The image and question needs to be considered together for the image QA. The multimodal convolution layer in our proposed CNN model not only fuses the image and question representations together but also learns the interactions and relations between the two multimodal inputs for further question prediction. The effect of the multimodal convolution layer is examined as follows. The image and question representations are simply concatenated together as the input of the softmax layer for the answer prediction. We train the network in the same manner as the proposed CNN model. The results are provided in Table 3. Firstly, it can be observed that without the multimodal convolution layer, the performance on the image QA has dropped. Comparing to the simple concatenation process fusing the image and question representations, our proposed multimodal convolution layer can well exploit the complicated relationships between image and question representations. Thus a better performance for the answer prediction is achieved. Secondly, the approach without multimodal convolution layer outperforms the IMG+BOW, VIS+LSTM and 2-VIS+BLSTM, in terms of accuracy. The better performance is mainly attributed to the composition ability of the sentence CNN. Even with the simple concatenation process, the image representation and composed question representation can be fuse together for a better image QA model.

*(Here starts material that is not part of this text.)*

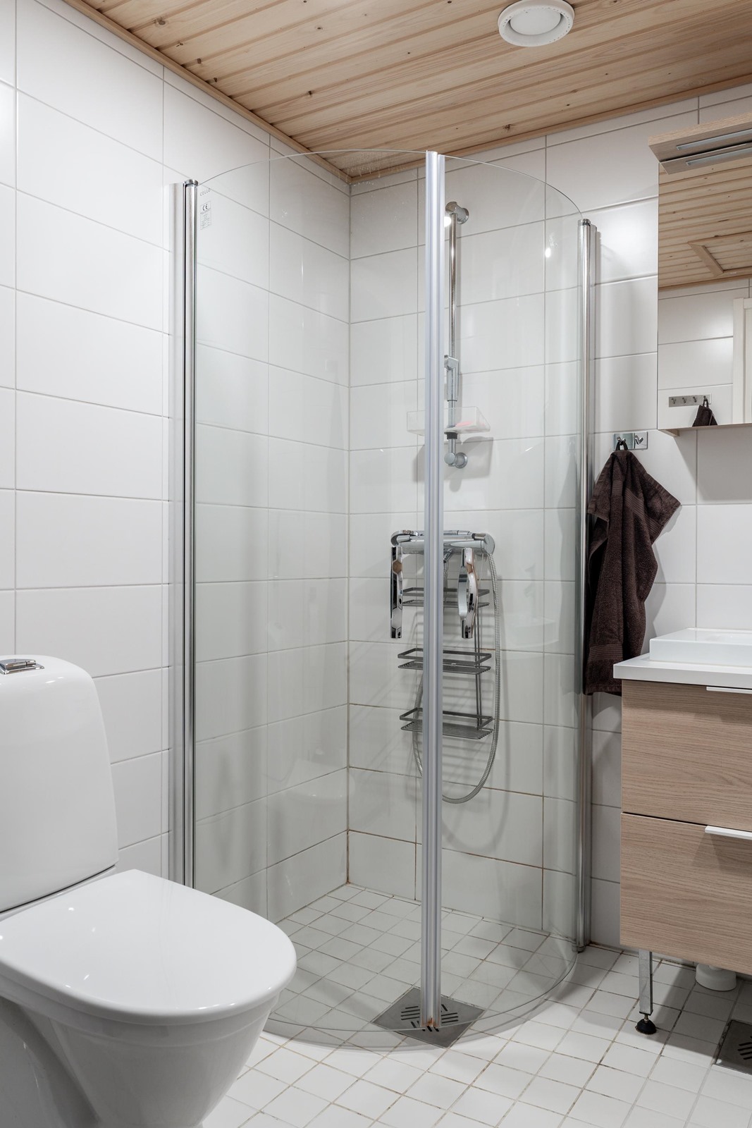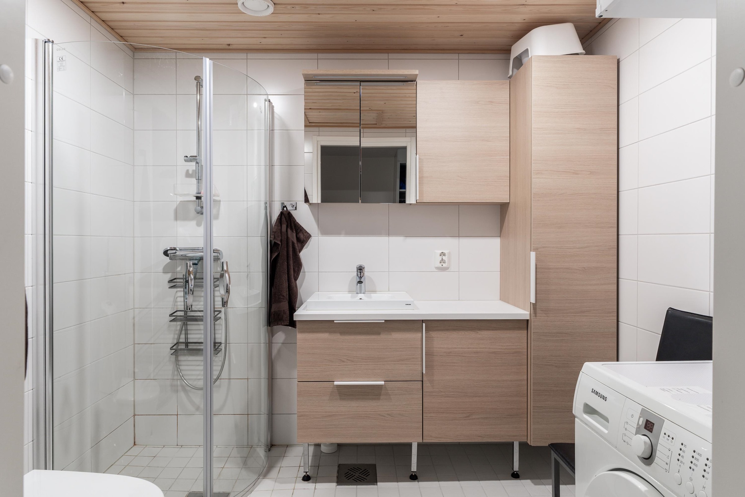 - Kylpyhuoneessa on suihkuseinä, peilikaappi, allaskaappi, erilliskaapit, pesukoneliitäntä ja sähkötoiminen lattialämmitys.

Influence of Image CNN and Effectiveness of Sentence CNN

As can be observed in Table 1, without the image content, the accuracy of human answering the question drops from $50\%$ to $12\%$ . Therefore, the image content is critical to the image QA task. Same as the work (?; ?), we only use the question representation obtained from the sentence CNN to predict the answer. The results are listed in Table 3. Firstly, without the use of image representation, the performance of our proposed CNN significantly drops, which again demonstrates the importance of image component to the image QA. Secondly, the model only consisting of the sentence CNN performs better than LSTM and BOW for the image QA. It indicates that the sentence CNN is more effective to generate the question representation for image QA, compared with LSTM and BOW. Recall that the model without multimodal convolution layers outperforms IMG+BOW, VIS+LSTM, and 2-VIS+BLSTM, as explained above. By incorporating the image representation, the better modeling ability of our sentence CNN is demonstrated.

Moreover, we examine the language modeling ability of the sentence CNN as follows. The words of the test questions are randomly reshuffled. Then the reformulated questions are sent to the sentence CNN to check whether the sentence CNN can still generate reliable question representations and make accurate answer predictions. For randomly reshuffled questions, the results on COCO-QA dataset are 40.74, 53.06, and 80.41 for the accuracy, WUPS@0.9, and WUPS@0.0, respectively, which are significantly inferior to that of natural-language like questions. The result indicates that the sentence CNN possesses the ability of modeling natural questions. The sentence CNN uses the convolution process to compose and summarize the neighboring words. And the reliable ones with higher semantic meanings will be pooled and composed further to reach the final sentence representation. As such, the sentence CNN can compose the natural-language like questions to reliable high semantic representations.

Conclusion

In this paper, we proposed one CNN model to address the image QA problem. The proposed CNN model relies on convolutional architectures to generate the image representation, compose consecutive words to the question representation, and learn the interactions and relations between the image and question for the answer prediction. Experimental results on public image QA datasets demonstrate the superiority of our proposed model over the state-of-the-art methods.

Acknowledgement

The work is partially supported by China National 973 project 2014CB340301. The authors are grateful to Baotian Hu and Zhenguo Li for their insightful discussions and comments.